EXERCISE BRIEF:
Every line from the one containing "Und das Beste: Du" to the one containing "گردگیر بی‌سیم Porodo" in the records below, both included, must be set down exactly, and no other line.

PROVIDED DATA:
--
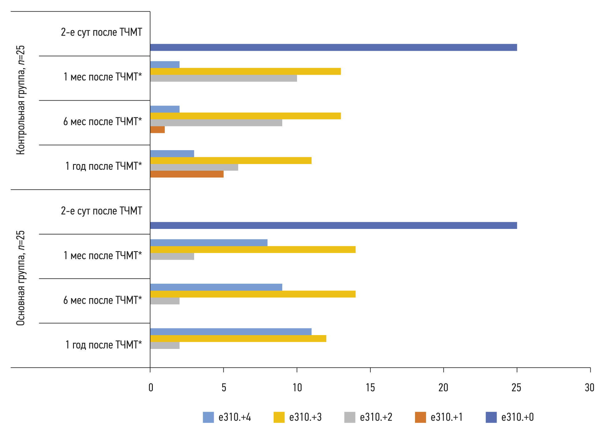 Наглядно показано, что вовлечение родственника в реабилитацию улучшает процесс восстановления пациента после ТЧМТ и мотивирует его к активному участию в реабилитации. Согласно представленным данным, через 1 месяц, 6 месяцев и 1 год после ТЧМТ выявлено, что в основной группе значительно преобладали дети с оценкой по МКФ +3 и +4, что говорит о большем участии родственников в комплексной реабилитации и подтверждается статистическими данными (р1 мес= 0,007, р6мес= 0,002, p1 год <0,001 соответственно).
--
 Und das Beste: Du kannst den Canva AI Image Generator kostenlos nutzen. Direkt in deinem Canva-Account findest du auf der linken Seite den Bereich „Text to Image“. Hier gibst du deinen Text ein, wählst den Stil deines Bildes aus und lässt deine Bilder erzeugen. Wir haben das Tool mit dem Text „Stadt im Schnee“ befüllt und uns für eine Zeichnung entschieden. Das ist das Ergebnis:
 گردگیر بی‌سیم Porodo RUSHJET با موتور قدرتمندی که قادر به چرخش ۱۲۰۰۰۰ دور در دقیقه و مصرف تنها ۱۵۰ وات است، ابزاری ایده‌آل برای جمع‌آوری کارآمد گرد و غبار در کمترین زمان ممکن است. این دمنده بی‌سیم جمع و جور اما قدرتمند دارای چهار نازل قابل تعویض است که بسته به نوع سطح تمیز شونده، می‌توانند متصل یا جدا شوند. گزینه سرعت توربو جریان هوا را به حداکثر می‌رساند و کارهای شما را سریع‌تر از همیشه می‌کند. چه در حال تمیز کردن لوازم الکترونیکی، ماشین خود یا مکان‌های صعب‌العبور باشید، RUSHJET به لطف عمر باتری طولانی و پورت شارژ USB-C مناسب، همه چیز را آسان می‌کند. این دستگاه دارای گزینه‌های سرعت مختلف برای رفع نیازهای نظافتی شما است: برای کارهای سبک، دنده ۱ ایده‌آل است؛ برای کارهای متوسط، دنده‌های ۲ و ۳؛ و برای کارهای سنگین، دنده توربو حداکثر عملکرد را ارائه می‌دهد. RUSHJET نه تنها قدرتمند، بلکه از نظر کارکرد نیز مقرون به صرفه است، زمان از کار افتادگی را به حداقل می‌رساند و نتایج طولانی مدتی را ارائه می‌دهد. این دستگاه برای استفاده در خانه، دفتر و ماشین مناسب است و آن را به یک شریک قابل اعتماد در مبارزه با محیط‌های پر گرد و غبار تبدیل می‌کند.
--
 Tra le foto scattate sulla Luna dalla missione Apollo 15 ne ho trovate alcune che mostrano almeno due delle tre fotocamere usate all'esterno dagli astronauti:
--
SOLUTION:
 Und das Beste: Du kannst den Canva AI Image Generator kostenlos nutzen. Direkt in deinem Canva-Account findest du auf der linken Seite den Bereich „Text to Image“. Hier gibst du deinen Text ein, wählst den Stil deines Bildes aus und lässt deine Bilder erzeugen. Wir haben das Tool mit dem Text „Stadt im Schnee“ befüllt und uns für eine Zeichnung entschieden. Das ist das Ergebnis:
 گردگیر بی‌سیم Porodo RUSHJET با موتور قدرتمندی که قادر به چرخش ۱۲۰۰۰۰ دور در دقیقه و مصرف تنها ۱۵۰ وات است، ابزاری ایده‌آل برای جمع‌آوری کارآمد گرد و غبار در کمترین زمان ممکن است. این دمنده بی‌سیم جمع و جور اما قدرتمند دارای چهار نازل قابل تعویض است که بسته به نوع سطح تمیز شونده، می‌توانند متصل یا جدا شوند. گزینه سرعت توربو جریان هوا را به حداکثر می‌رساند و کارهای شما را سریع‌تر از همیشه می‌کند. چه در حال تمیز کردن لوازم الکترونیکی، ماشین خود یا مکان‌های صعب‌العبور باشید، RUSHJET به لطف عمر باتری طولانی و پورت شارژ USB-C مناسب، همه چیز را آسان می‌کند. این دستگاه دارای گزینه‌های سرعت مختلف برای رفع نیازهای نظافتی شما است: برای کارهای سبک، دنده ۱ ایده‌آل است؛ برای کارهای متوسط، دنده‌های ۲ و ۳؛ و برای کارهای سنگین، دنده توربو حداکثر عملکرد را ارائه می‌دهد. RUSHJET نه تنها قدرتمند، بلکه از نظر کارکرد نیز مقرون به صرفه است، زمان از کار افتادگی را به حداقل می‌رساند و نتایج طولانی مدتی را ارائه می‌دهد. این دستگاه برای استفاده در خانه، دفتر و ماشین مناسب است و آن را به یک شریک قابل اعتماد در مبارزه با محیط‌های پر گرد و غبار تبدیل می‌کند.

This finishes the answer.